EXERCISE BRIEF: A faithful copy of the data is what is wanted, minus any pictures.

DATA BELOW:
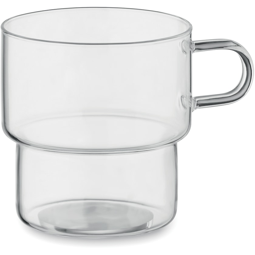 Stapelbarer Glasbecher aus langlebigem Borosilikatglas. Perfekt für Kaffee und Tee.
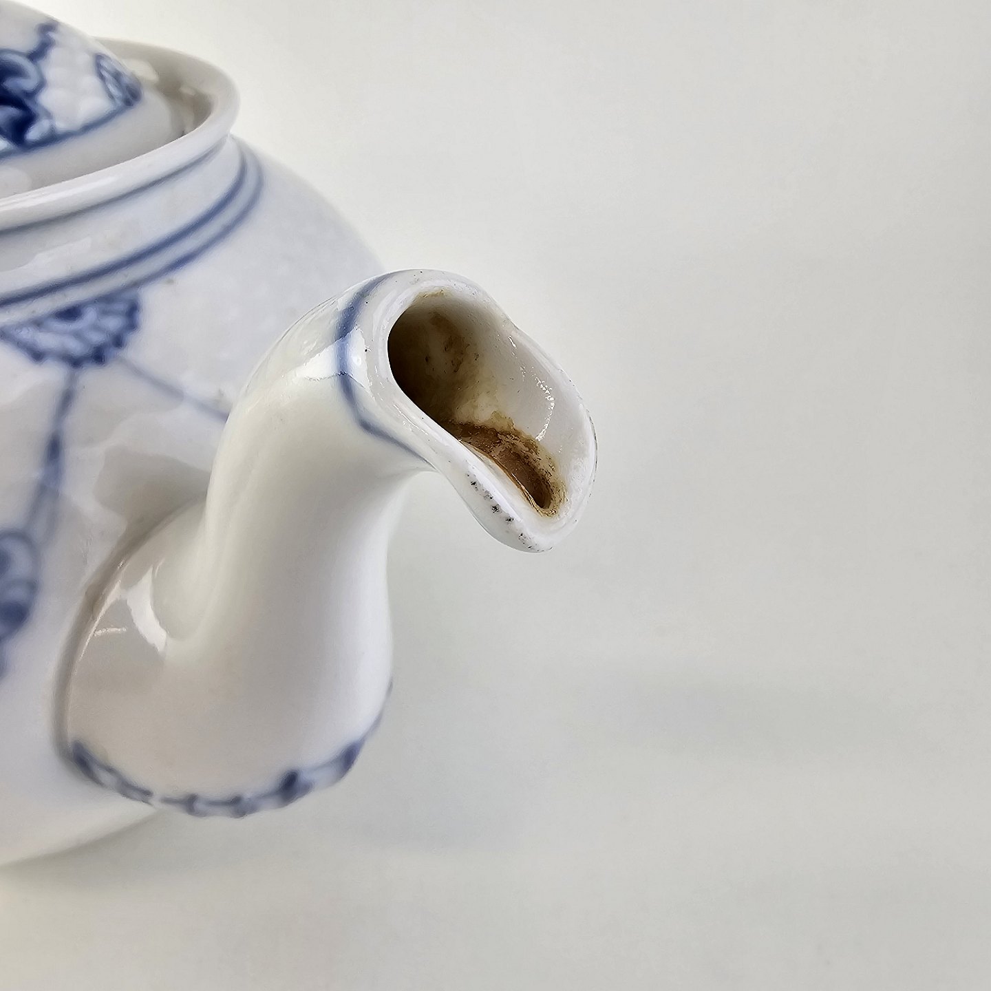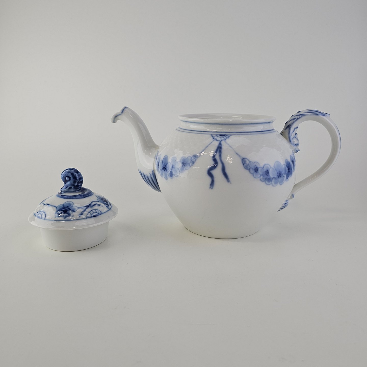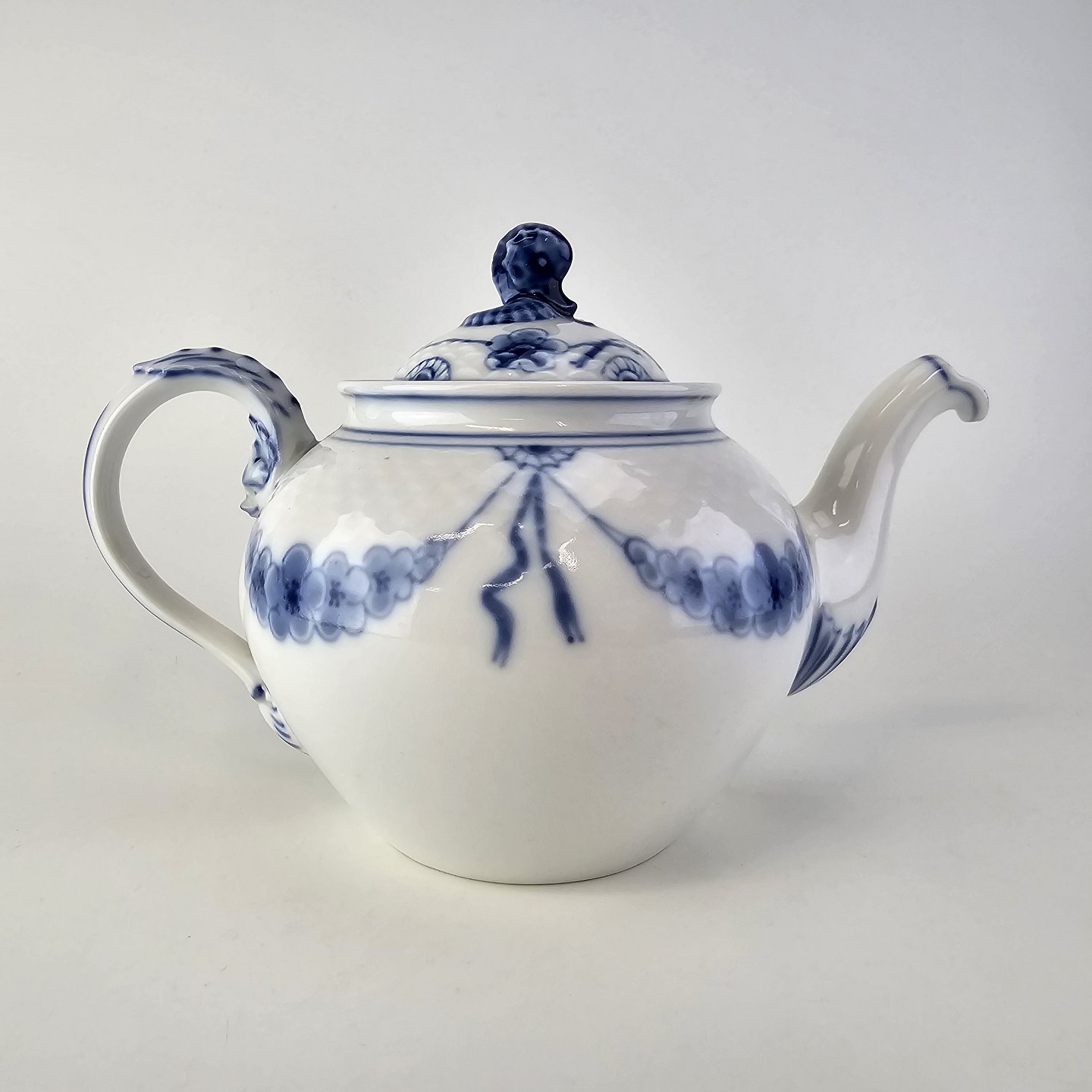 Empire er hvidt porcelæn med skelform og motiv af guirlander med blå blomster
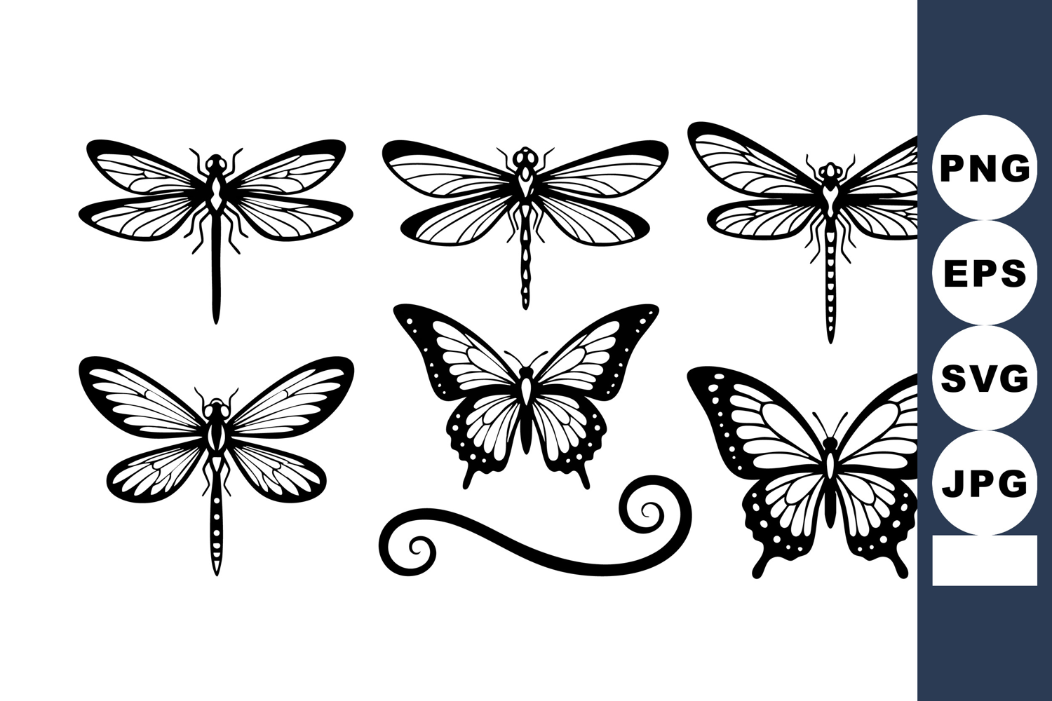 Similar Design Products to Vintage black and white dragonfly and butterfly vector colle
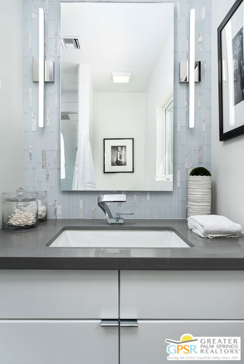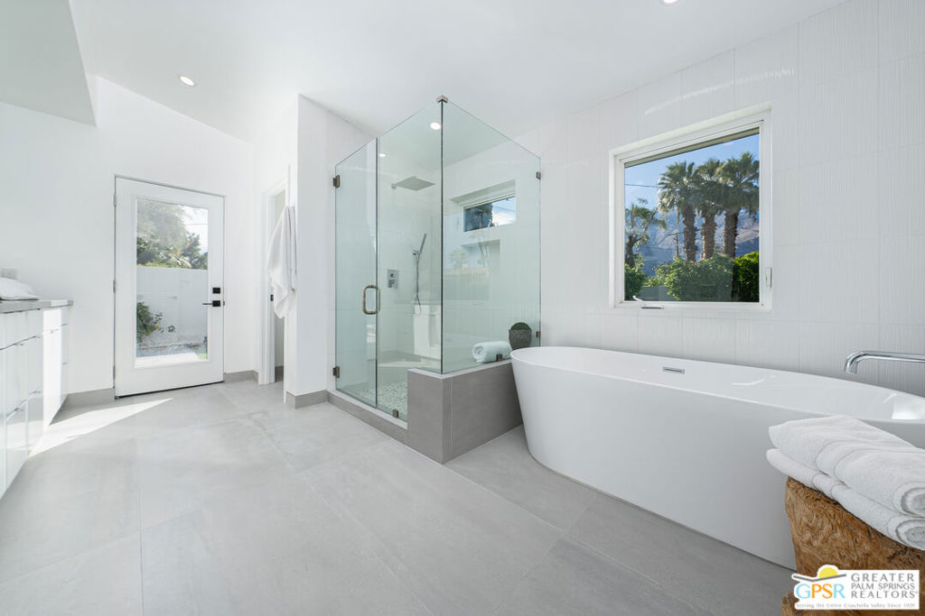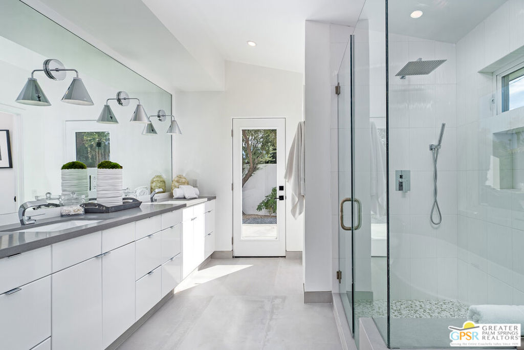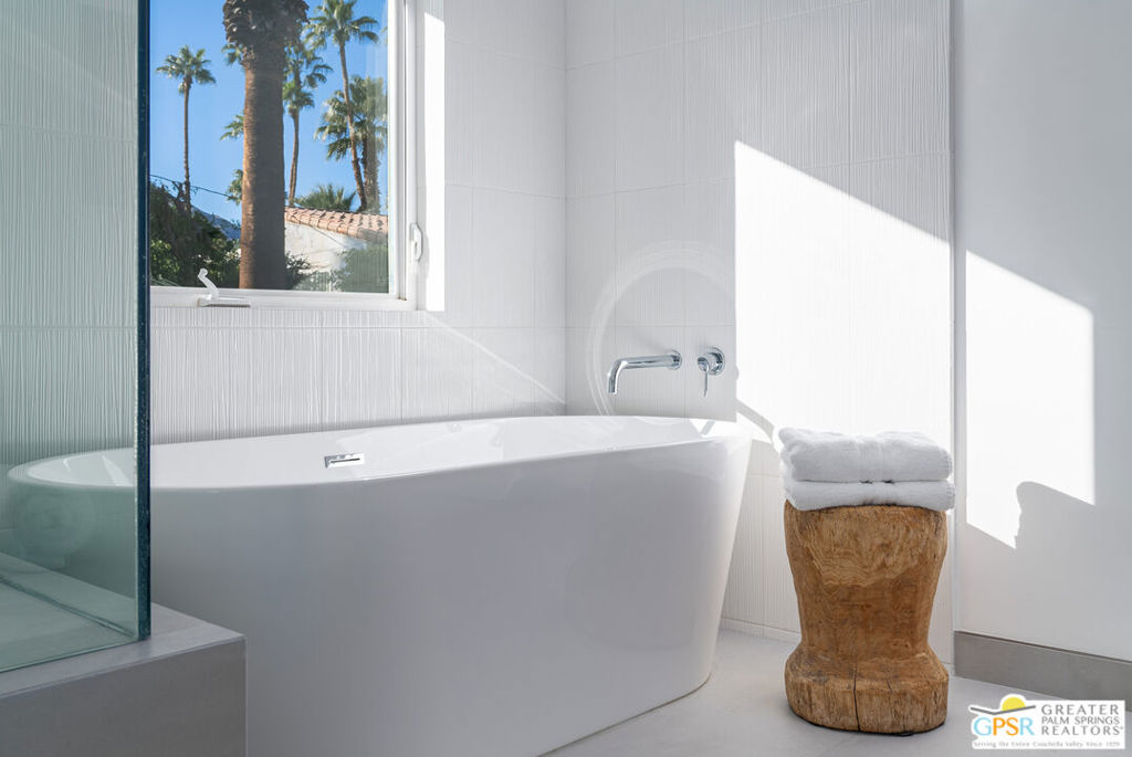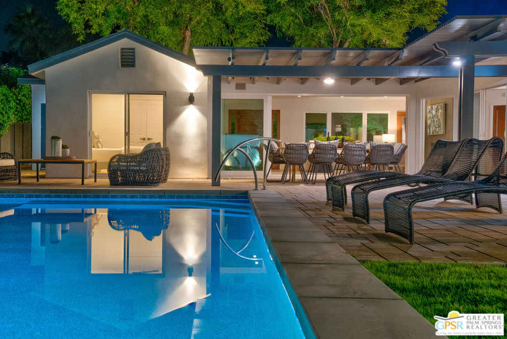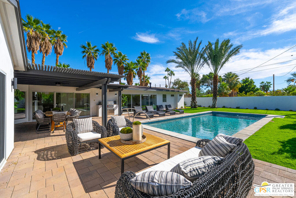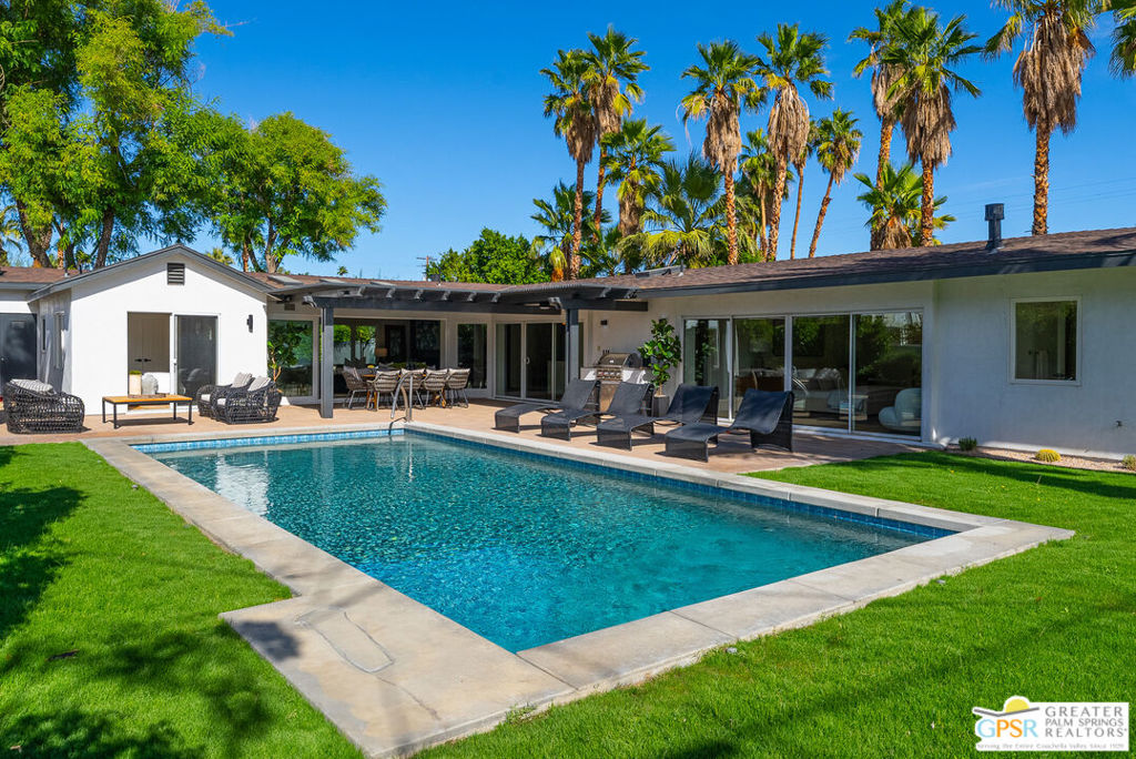 Ruth Hardy Park is 22 acres of rolling green lawns, tall trees and tennis courts at the heart of Palm Springs. The historic Movie Colony and Movie Colony East neighborhoods surround the park, and contain some of the most historic estates in town. Nestled therein, just six doors from the park itself, is 1075 E El Alameda. The home has an interesting history, built as a small bungalow in 1933, expanded in the late 1990s, and now completely reimagined and modernized in 2023. The lot itself has majestic views of the mountains, while the house is perfectly sited to enjoy those views. New picture windows and a series of sliders give the sense of a glass pavilion as you enter the property from the fully hedged gate and see straight through to the resort sized pebble tec pool, covered patio area with built in BBQ and grassy lawn. Completely upgraded and refreshed, from plumbing and electrical, to new smooth stucco exteriors, skylights, flooring, fixtures, cabinets, glazing, and Bertazzoni appliances. Kitchen and bathrooms are entirely new. The primary suite enjoys double walk in closets, new fireplace, and mountain views from bed. Fully separate guest and primary wings with dual zone AC. This has the overall feeling of new construction with the charm of a California bungalow in a mature, established neighborhood. There is no HOA and you own the land. In addition to the park, the home is walkable to the prime strip of downtown's best restaurants and shopping. But why would you ever leave? Welcome to your oasis in the desert.

ANSWER TO THE EXERCISE:
 Stapelbarer Glasbecher aus langlebigem Borosilikatglas. Perfekt für Kaffee und Tee.
 Empire er hvidt porcelæn med skelform og motiv af guirlander med blå blomster
 Similar Design Products to Vintage black and white dragonfly and butterfly vector colle
 Ruth Hardy Park is 22 acres of rolling green lawns, tall trees and tennis courts at the heart of Palm Springs. The historic Movie Colony and Movie Colony East neighborhoods surround the park, and contain some of the most historic estates in town. Nestled therein, just six doors from the park itself, is 1075 E El Alameda. The home has an interesting history, built as a small bungalow in 1933, expanded in the late 1990s, and now completely reimagined and modernized in 2023. The lot itself has majestic views of the mountains, while the house is perfectly sited to enjoy those views. New picture windows and a series of sliders give the sense of a glass pavilion as you enter the property from the fully hedged gate and see straight through to the resort sized pebble tec pool, covered patio area with built in BBQ and grassy lawn. Completely upgraded and refreshed, from plumbing and electrical, to new smooth stucco exteriors, skylights, flooring, fixtures, cabinets, glazing, and Bertazzoni appliances. Kitchen and bathrooms are entirely new. The primary suite enjoys double walk in closets, new fireplace, and mountain views from bed. Fully separate guest and primary wings with dual zone AC. This has the overall feeling of new construction with the charm of a California bungalow in a mature, established neighborhood. There is no HOA and you own the land. In addition to the park, the home is walkable to the prime strip of downtown's best restaurants and shopping. But why would you ever leave? Welcome to your oasis in the desert.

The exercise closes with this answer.